Developing a High Performance templating engine in RakuWritten on
Template::Nest::Fast is a high performance templating engine written in pure Raku. It all began with a simple request from Tom, the author of Template::Nest (Perl), he approached me with a benchmarking task. The task was to benchmark several Perl v/s Raku operations, the first job was to benchmark Template::Nest (Perl) & Template::Nest::XS (Raku).
The direct port of Template::Nest from Perl to Raku was excluded from the benchmarks due to its poor performance. It proved unsuitable for production use, leading to the development of Template::Nest::XS.
At the time I couldn't help but assume that ::Nest::XS was going to be the obvious winner, given its C++ optimizations, and that it would be unfair to Perl. However, the results proved my assumptions wrong; surprisingly, the Perl version outperformed Raku even when Raku was leveraging C++. I had created two templates for testing - "Simple" & "Complex". Here are the results:
The second row provides timings when we ran Perl's Template::Nest in Raku using Inline::Perl5. As expected, it shows slower performance, but the extent of the difference, being 4x slower, was somewhat surprising. This motivated me to develop a Raku version of Template::Nest, determined to enhance Raku's performance and make a more efficient template engine. Thus, Template::Nest::Fast was born.
Back when the early Raku version was slow, I delved into the ::Nest source code. It appeared complex, I had no idea how one could make a templating engine. The benchmarks job re-ignited that spark. I figured it was just string substitution, I hacked something up in a day. I recall going up to my friends and showing them the result, the initial version beat the fastest version (in Perl) by ~1.5x & the XS version by ~2x. Later that day I shared it with Tom and he asked me if I could feature match this with the Raku version.
I wrote to Tom:
I was wondering about this problem and decided to write a ::Nest myself in Raku, I haven't clocked in for this. Here is a POC of the idea:
The idea is that we "compile" the templates when ::Nest object is created, what compilation does is that it simply makes note of all variables present in the template and the location we have to subtitute -- if the template is modified then we can "compile" it again on the fly.
I made this for a simple dumb string replacement -- haven't added the ability to inject another TEMPLATE hash, just strings, here are the results.
The idea was to cache the computations for each template file as
long as we can. To understand how it all works, let look at an
Given a template file (
<!DOCTYPE html> <html lang="en"> <head> <title>Simple Page</title> </head> <body> <p><!--% variable %--></p> </body> </html>
One could generate a web page with this template hash:
# Declare template structure. my %simple-page = %( TEMPLATE => '00-simple-page', variable => 'Simple Variable', );
That's it! The variable does not have to be a string, it can be another template hash (referring to another template file), it can also be a list of template hashes. The Perl version parsed each template file every time it was referenced in a template Hash, the pure Raku port was a line by line rewrite of the Perl 5 module & I believe Template::Nest::XS was the same, written in C++.
The idea was to cache the variable positions and perform a
simple string substitution at run time. We calculate the
position of all "keys" (
<!--% a_key %-->) &
store them. As we go through the template hash, those positions
are filled by the given values. This made the newer Raku version
(Template::Nest::Fast) about 120x faster compared to
the line by line port. It could now be compared in benchmarks.
I feature matched this with Perl 5 version and it now supports
all the options available in Perl 5 module. However, as I added
new features to Template::Nest::Fast, there came a
trade-off between functionality and performance. These
enhancements added overhead that affected the module's speed.
For instance, the
die-on-bad-params option, when
enabled, led to about 2x slower performance. However, all of the
options were migrated with the exception of
escape_char, Template::Nest::Fast also
expanded the original test suite to cover additional edge cases.

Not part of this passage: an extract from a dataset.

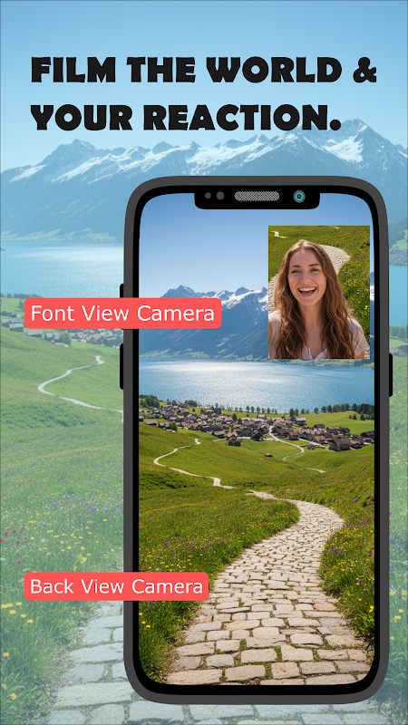 DUAL CAMERA VLOG ialah aplikasi DUAL CAMERA yang penting untuk setiap vlogger dan pencipta kandungan. Rakam video dan foto menggunakan kamera hadapan dan belakang peranti anda secara serentak tanpa memerlukan penyuntingan yang rumit. Dapatkan dua perspektif (Dual View) dalam satu pengambilan yang sempurna!
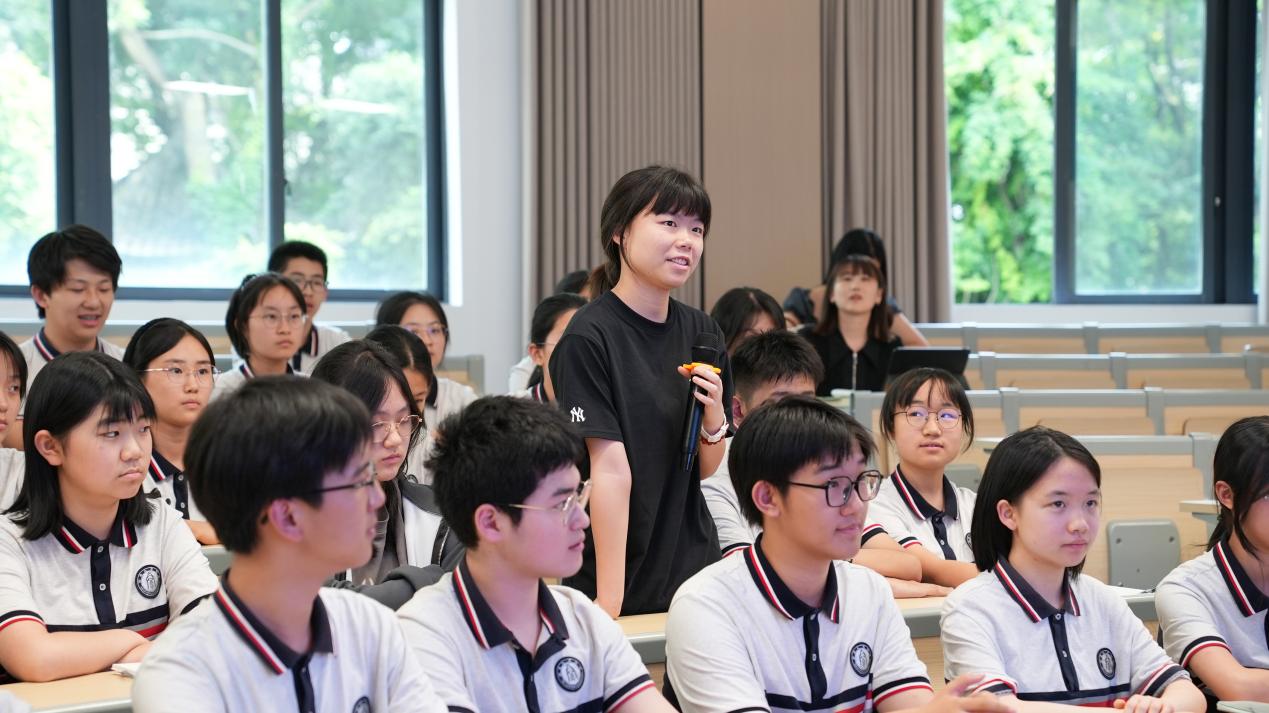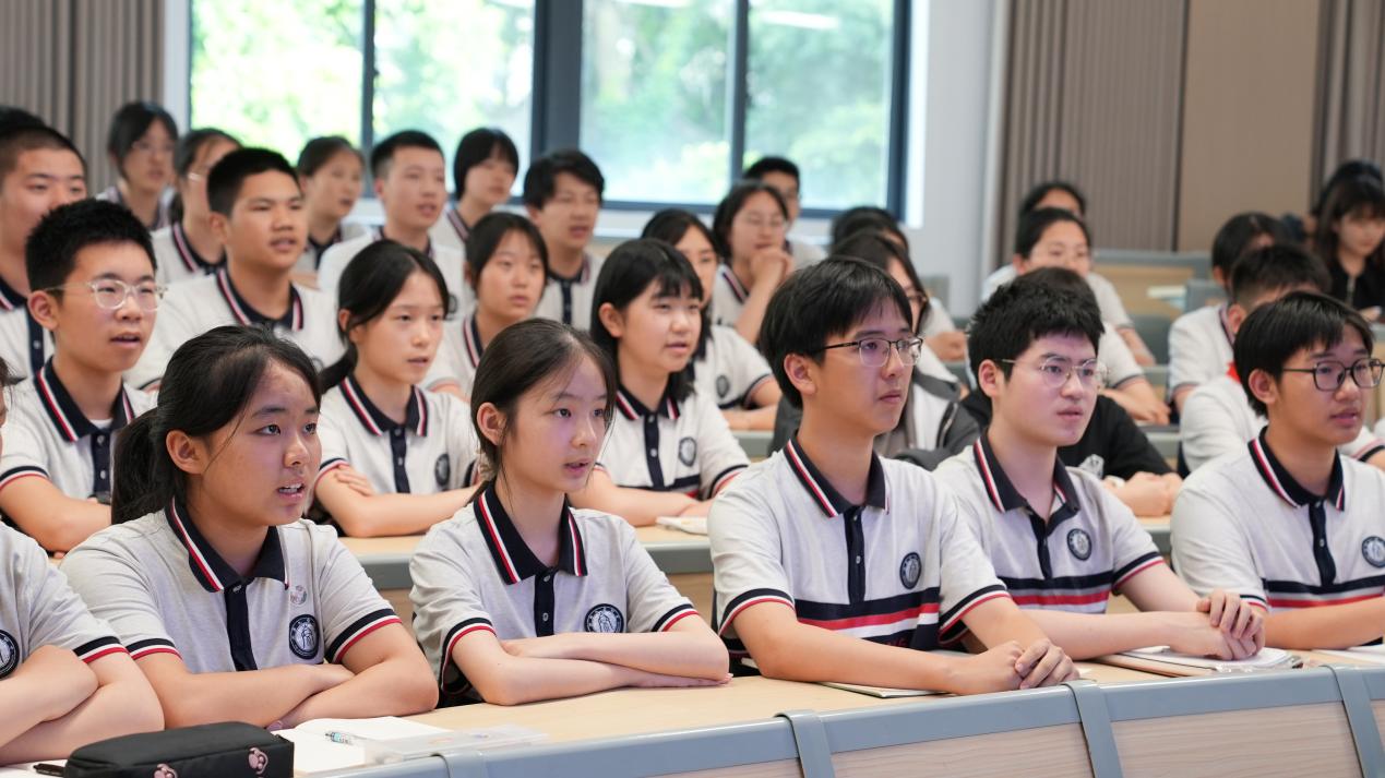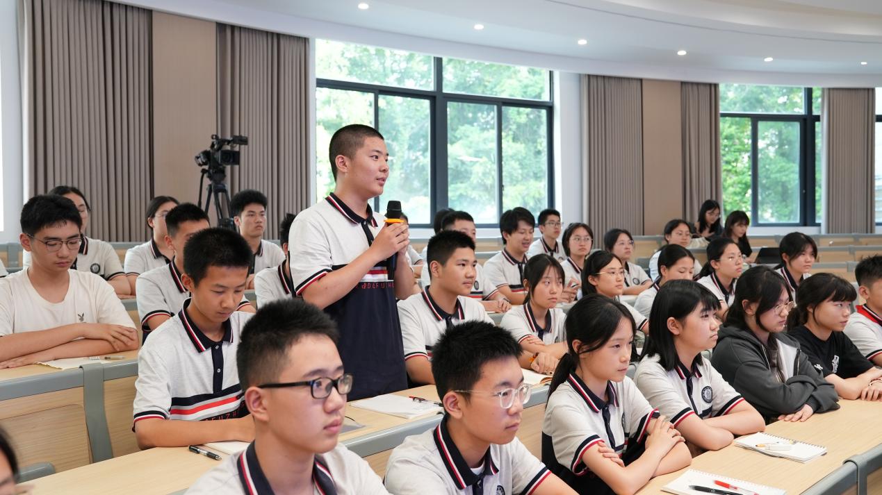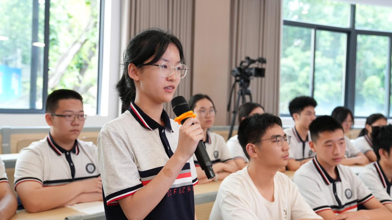 在问及未来想从事什么职业时,高二(14)班郑诗妤琪同学表示:“我想成为生物医学工程方向的预备人才,我将以解决‘卡脖子’技术难题为己任。”欧书记对此高度肯定,并强调:“青年学子要将个人发展融入国家战略,在服务国家需求中实现人生价值。”

Moreover, working on it greatly improved my understanding of the
Later Template::Nest::XS was re-written to use the same algorithm and it is currently the fastest version available. This competition between the modules led to XS performance improvements. In Tom's words:
The bottleneck slowing down XS version was not related to indexing, at least I don't think so. Indexing made little difference, C++ version was already using a fast algorithm for replacing tokens but the fact pure Raku version was faster than C++ version made us go back to the drawing board to try to work out the reason for this, and ultimately led to a much faster C++ version. The main issue turned out to be getting the data into memory in a format that could easily be read in C++ code.
Ideally, if we fully understood how Raku stores data (i.e. at memory address level) then we could perhaps access the memory directly. However it's not trivial to do that. I believe the XS version was using some native Raku serialisation method to stringify the data, we changed this to
JSON::Fast& I think this resulted in a significant performance improvement.